The final form of the language, Object Pascal, actually backed off on the Smalltalk terminology a little bit and renamed “classes” to “objects” and went so far as to introduce an OBJECT
keyword used for defining a class. It also changed SUPERSELF.
to INHERITED
—yes, with whitespace instead of a dot!—as, again, developers new to OOP found “superclass” confusing.
Object Pascal also, at long last, adopted the standard Pascal built-in New()
to perform object allocation (along with its counterpart Free()
for deallocation) directly instead of introducing a separate function for it, since the intent can be inferred by the compiler from the type system. It also removed the need to use the METHODS OF
construct to add methods, instead just prefixing the method with the class name and a period.
The final major change from Clascal to Object Pascal is that, with New()
used for object allocation, the CREATE
methods were changed into initialization methods instead since they just initialize the object after its allocation.
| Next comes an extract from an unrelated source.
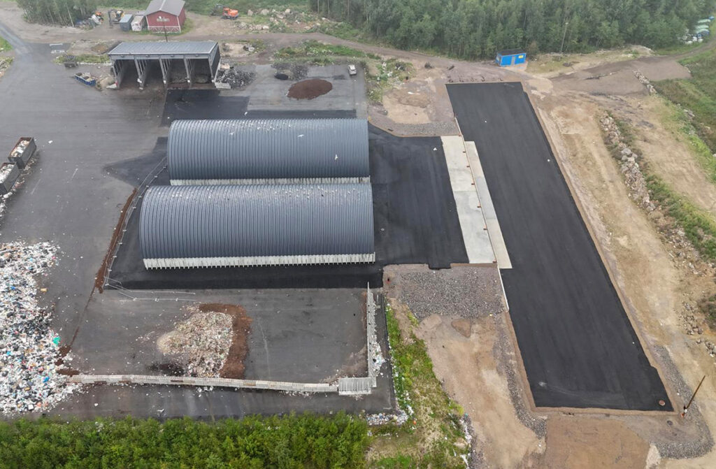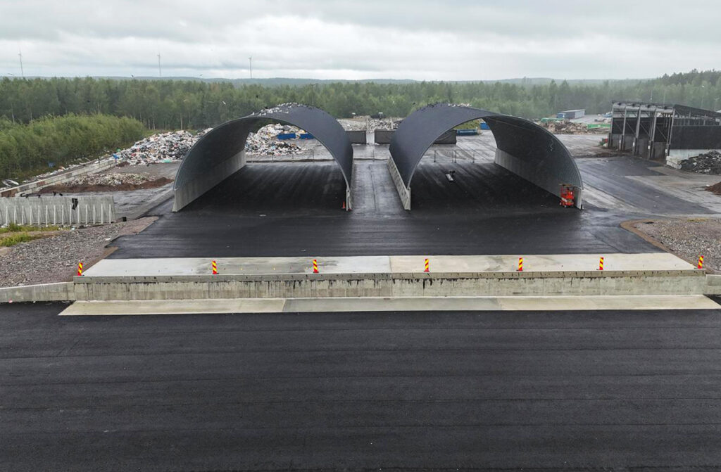 “Meille rakennettiin kaksi samanlaista hallia, jotka sijoitettiin vierekkäin. Hallit ovat molemmista päistä auki – toisesta päästä jätekuorma puretaan ja toisesta jätettä lastataan koneella kontteihin”, Ruuska kuvailee.

They were also made procedures rather than functions returning values, and since the standard Pascal built-in New()
is being used they no longer take a potentially-already-allocated object nor do they take a heap zone in which to perform the allocation. The convention is that for a class TFoo
the initialization method has the form IFoo
.
There was also another stylistic change, prepending field names with f
to make them easy to distinguish from zero-argument function methods at a glance.
There was also a switch from not including the parameter list in the IMPLEMENTATION
section to including it directly instead of in a comment.
Here’s what that looks like:
INTERFACE TYPE TObject = OBJECT PROCEDURE IObject; ABSTRACT; PROCEDURE Free; DEFAULT; END; TPerson = OBJECT(TObject) fName: TString; PROCEDURE IPerson(theName: TString); STANDARD; PROCEDURE Free; OVERRIDE; END; IMPLEMENTATION PROCEDURE TObject.Free BEGIN Free(SELF); END; PROCEDURE TPerson.IPerson(theName: TString) BEGIN fName := theName.Clone(); END; PROCEDURE TPerson.Free BEGIN fName.Free; INHERITED Free; END;
Based on the documentation I’ve read, it wouldn’t surprise me if the only reason initialization methods aren’t consistently named Initialize
is that the language design didn’t support an OVERRIDE
of a method using a different parameter list.